ハルタがステファンと共に走っていってしまう。そういえば、書類を出していないと呟いていたのを聞いた気がする。

「あ、マルコさん…」

体を起こして彼を見上げると、ため息をつくのが見えた。

「いくらこの天気だからって油断してると風邪ひくよい」
「へへ、すみません」

へら、と笑うと彼女は立ち上がった。
その時だ。大きな声が聞こえたのは。

「エースが帰ってきたぞーー!!!!!」

甲板にいた船員がワッと沸いた。

「………エース……?」

ひとり、彼女はそう呟く。
そして、その声のした方へいきなり走り出した。

「おい、名前?!」

マルコの驚いたような声を背中に感じた。
しかし彼女はそれどころではなかった。
もしも、もしもそのエースという人物が、自分の知っている人だとしたら。

「すみません!通してください、」

船員たちの隙間をするすると器用に走り抜ける。
その、エースという人にはやく会いたくて。

しばらく走ると、目的地らしい人の輪を発見した。

「ごめんなさい、」

その輪をなんとか抜けると、その先にはオレンジ色のテンガロンハットを被った半裸の青年が立っていた。
彼は、船員と笑顔で話をしている。

「………エース…」

帽子から少し覗いている癖のある黒髪、そばかす、生意気そうな目。
特徴は、全て重なる。

「…ポートガス・D・エース……!」

それはとても小さな声だったが、彼の耳には届いたようだ。
彼は名前を見て、口を開いた。

「?…誰だおまえ?しんい」

言葉は途中で遮られた。

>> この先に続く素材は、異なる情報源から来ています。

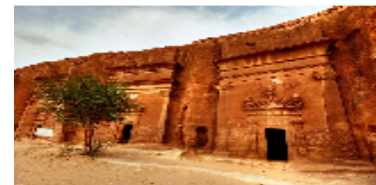
Madain Saleh, Madinah

目の前の女性が突然飛び込んできたからだ。

「エース…っ!!」

ぎゅ、と抱きついてくる彼女をなんとか引き剥がして、その顔をまじまじと見た。
少なくとも、知り合いにこんな女性はいないはずだ。というか、モビーディック号でこの人を見かけたことさえない。

「だ、誰だよ…」
「……わ、私は……名前。…ポートガス・D・名前…」

エースの目が見開かれた。
同時に、周りにいた船員たちが驚きの声を上げる。

「…ね、え……ちゃん」

確かに、髪の色も目の色も姉と同じだ。

「…元気そうで、よかった……!海へ出たのね…」

目に涙を浮かべた彼女はそう言って彼に微笑んだ。
そこへ、騒ぎを聞き付けたサッチがやってきた。

「おいおい、こりゃどういうことだよ…」

人ごみを掻き分けてみれば、末っ子エースと名前が向き合っていて、彼女の方は今にも泣き出しそうだ。
まさか帰ってきて早々にエースが彼女にちょっかいを出したのかと、ため息が漏れた。

「……姉ちゃんなんで海賊船にのってんだよ…!!!」
「は!?姉ちゃん?!?!」

エースの言葉に、思わずサッチは大きな声をあげた。

「サッチ!!」
「エースおまえどういうことだ?!」
「こっちが聞きてえよ!!」

ぎゃあぎゃあと言い合いになった。それを困った様子で眺めている名前の後ろに、マルコが現れる。

「おまえらとりあえず落ち着けよい!」

二人の頭にげんこつが落ち、辺りは静まった。

「……んで、どういうことだい」

サッチ、名前、エースが甲板に座り、その前にマルコがたっている。端から見ればまるでお叱りを受けているかのようだ。

「一から話してみろい!」
「いや…だからな、帰ってきたらいきなり抱きつかれて…」

エースがそう言って名前を見る。
そしてまたマルコへと視線を戻した。

「誰だって聞いたら、姉ちゃんだったんだよ!」
「だから、姉ちゃんってどういうことなんだよ?」

サッチがそう尋ねると、それこそ不思議だと言わんばかりにエースは首をかしげて見せた。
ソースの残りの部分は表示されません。